La palabra clave es ‘científico‘ pero, ¿qué quiere decir que algo sea científico?

¿Qué significa hacer ciencia?
Hacer ciencia significa seguir un proceso sistemático y riguroso para investigar, comprender y explicar fenómenos naturales, sociales o abstractos.
Este proceso sistemático es lo que llamamos método científico.

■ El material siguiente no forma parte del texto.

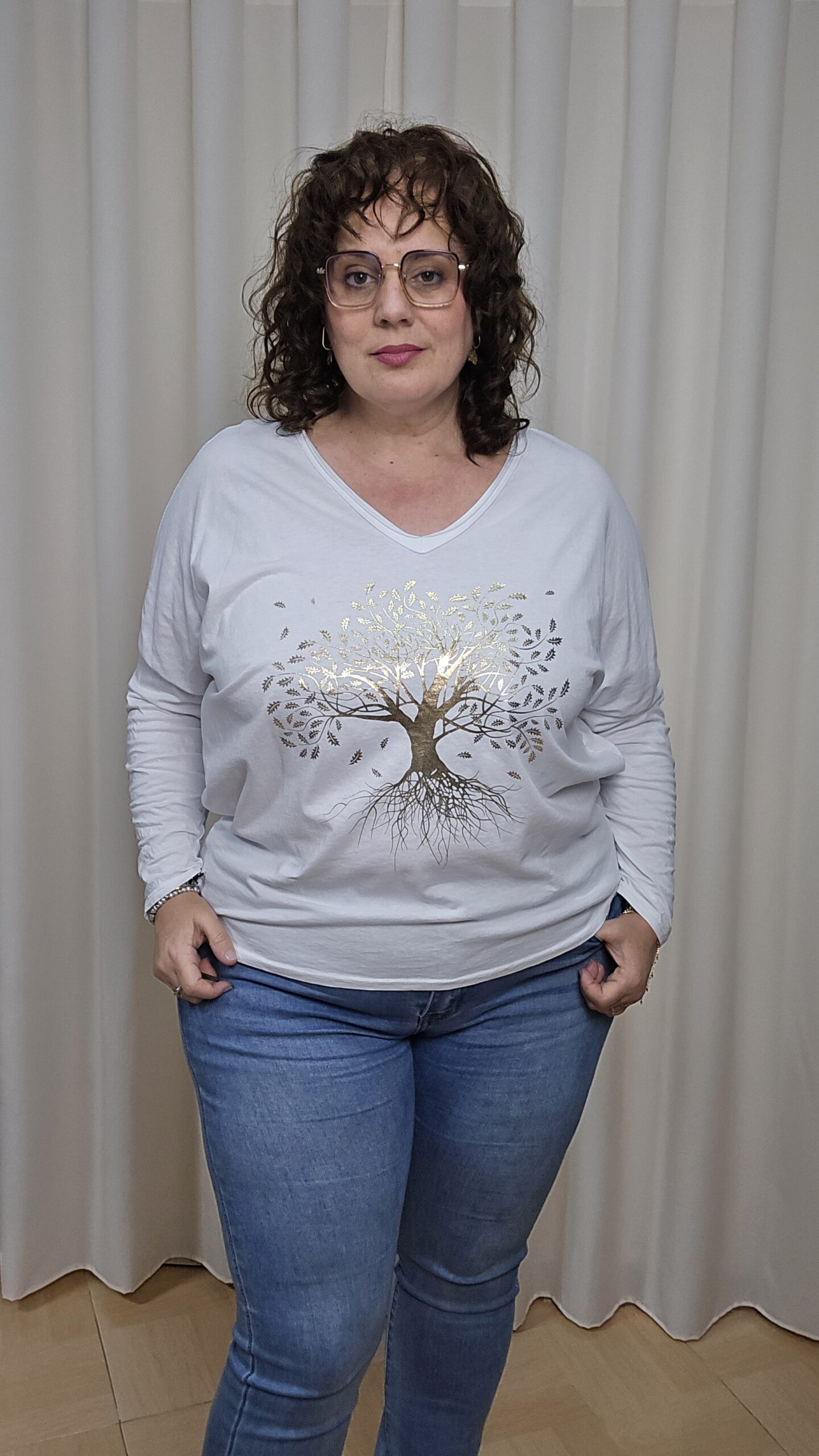 Bonita camiseta de algodón con en árbol de la vida en dorado.
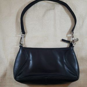 Wilson's Leather Pelle Studios Black Minimalist Small Shoulder Handbag/Purse with Silver Tone Accents
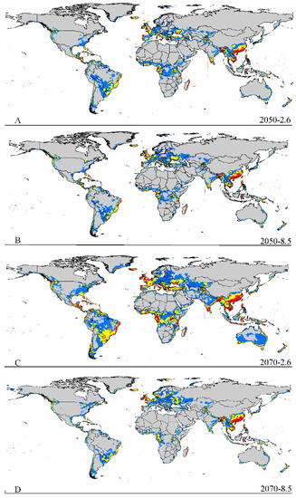 The predicted area gains in the area of suitable habitat were predicted to be about 11.86 × 106 km2, which was 8.41% lower than the current conditions when compared to condition RCP 2.6-2050 (Figure 4A and Table 2). The highly suitable area was reduced to 1.21 × 106 km2 under these climate scenarios, of which there was a 29.23% decrease over the current highly suitable areas. The highly suitable areas were markedly reduced in Southern China, Central Africa and northeastern India. Under RCP 8.5-2050, both the suitable habit and highly suitable habit decreased relative to present-day conditions. The areas were reduced by 12.04% and 29.82% for suitable habitats and highly suitable habitats, respectively (Figure 4B and Table 2).
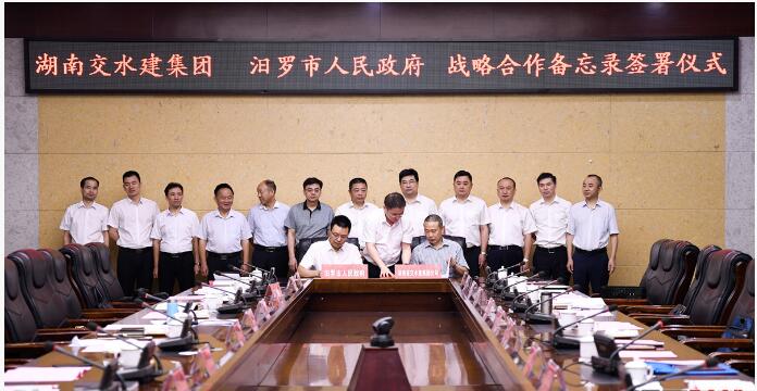 7月9日上午,汨罗市政府与湖南交水建集团战略合作备忘录签约仪式举行。湖南交水建集团党委书记、董事长方联民,汨罗市委副书记、市长朱平波出席签约仪式,市领导杨勇、彭国光、黄川伟参加。
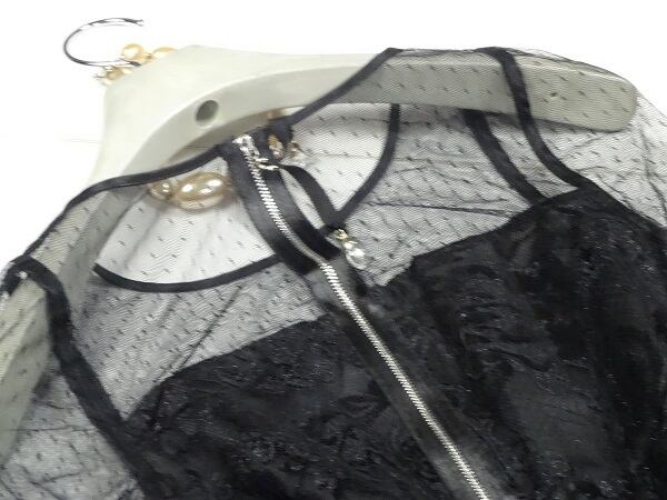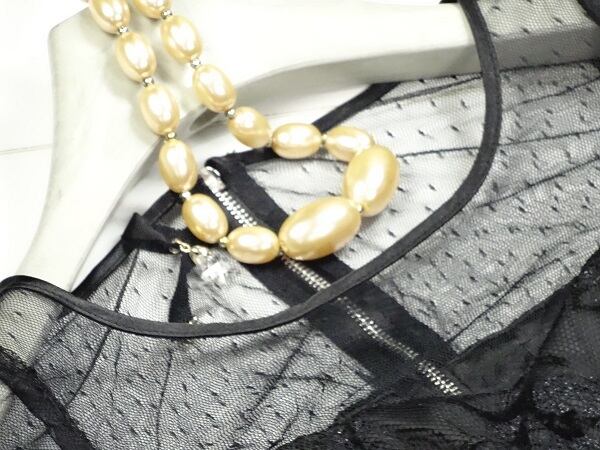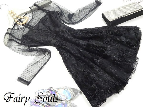ラメ入りレースチュール黒のドレスワンピース。花刺繍の生地の上に楕円のドット柄をあしらったネットチュールをかぶせた大変豪華でフェミニンなデザイン。エレガントで上品な女性を表現してくれています。パーティやイベント、コンサート、結婚式にと、さまざまシーンで活躍してくれる美しい一着。背中ファスナー。裏地付。
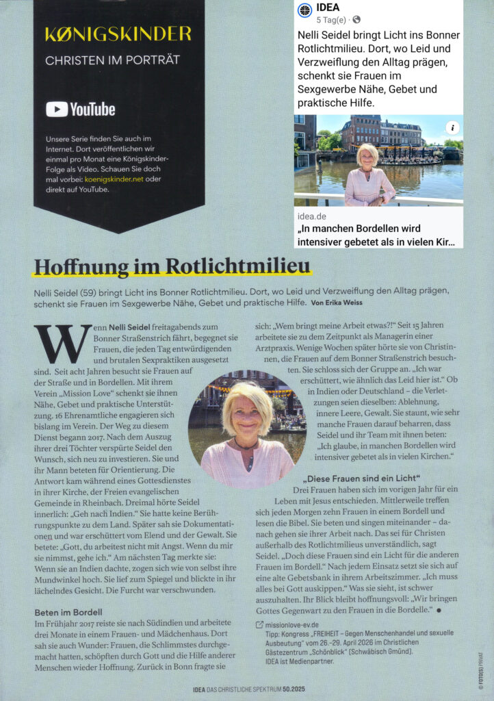 Hier erzählt sie von unterschiedlichen Begegnungen mit Prostituierten und woraus sie selbst ihre Kraft für diese emotional schwere Arbeit schöpft.
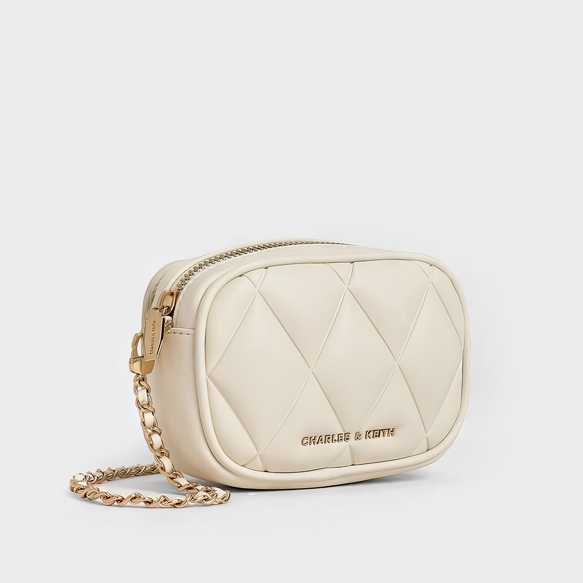 Túi đeo vai hình thang Lane Chain-Link – Kem
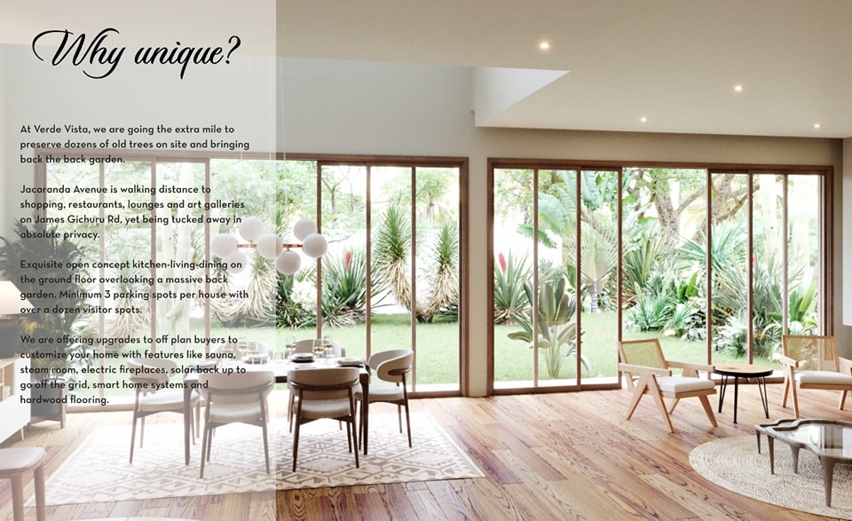 Verde Vista comprises five elegantly designed detached mansions on a lush 1-acre plot in Lavington. Located on the tree-lined, gated, and secure Jacaranda Avenue, this property offers a unique opportunity to own a home nestled among trees and greenery.
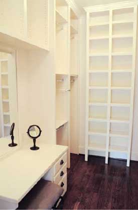 In addition to adjustable shelves and closet rods, most customers want custom features and accessories. I usually apply moldings and paint to match other woodwork in the house, and I often install cedar closet liner in some of the compartments, gluing it up right over the drywall. Large three-part mirrors (which should be planned for in the layout stage) are another popular option.
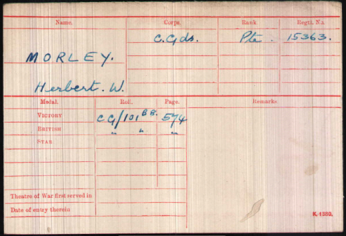 1891 census...Aged 3, he was at Cottage, Plough Yard, West Row with his father Charles MORLEY [46] engine driver (portable); his mother Joanne [46]; brothers Leonard [28], Thomas [22] and Robert [20] all farm labourers, and Walter [6]; sister Mahala [9]. All recorded as born in Mildenhall. 1901 census...Aged 13, farm labourer, he was still at Plough Yard with his parents; brothers Leonard (horsekeeper) and Walter (farm labourer), sister Mahala and niece Violet MORLEY [5] 1911 census... Aged 22, a laundry vanman, he was boarding with Thomas and Jane JACKSON, at 12 Beattie Terrace, Blackhill, Co.Durham. His widowed mother and brother Leonard were still in West Row. His father had died in 1907. He married Sarah Elizabeth BATY (Lanchester Q2-1913 10a:546), later of 3 Buckham St, Blackfyne, Blackhill, Co.Durham. Their daughter Violet M. was born Lanchester in 1914 No pension card found |

El método científico se basa en obtener datos, generar una teoría que los explique, producir hipótesis comprobables basadas en la teoría y comprobar esas hipótesis de manera empírica.
Una teoría es una explicación sistemática de un fenómeno. Organiza los hechos conocidos, nos permite predecir nuevos hechos y ejercer cierto grado de control sobre el fenómeno.
Las hipótesis son predicciones específicas y comprobables derivadas de una teoría.
La psicología utiliza el método científico para responder a preguntas sobre la mente y el comportamiento humano.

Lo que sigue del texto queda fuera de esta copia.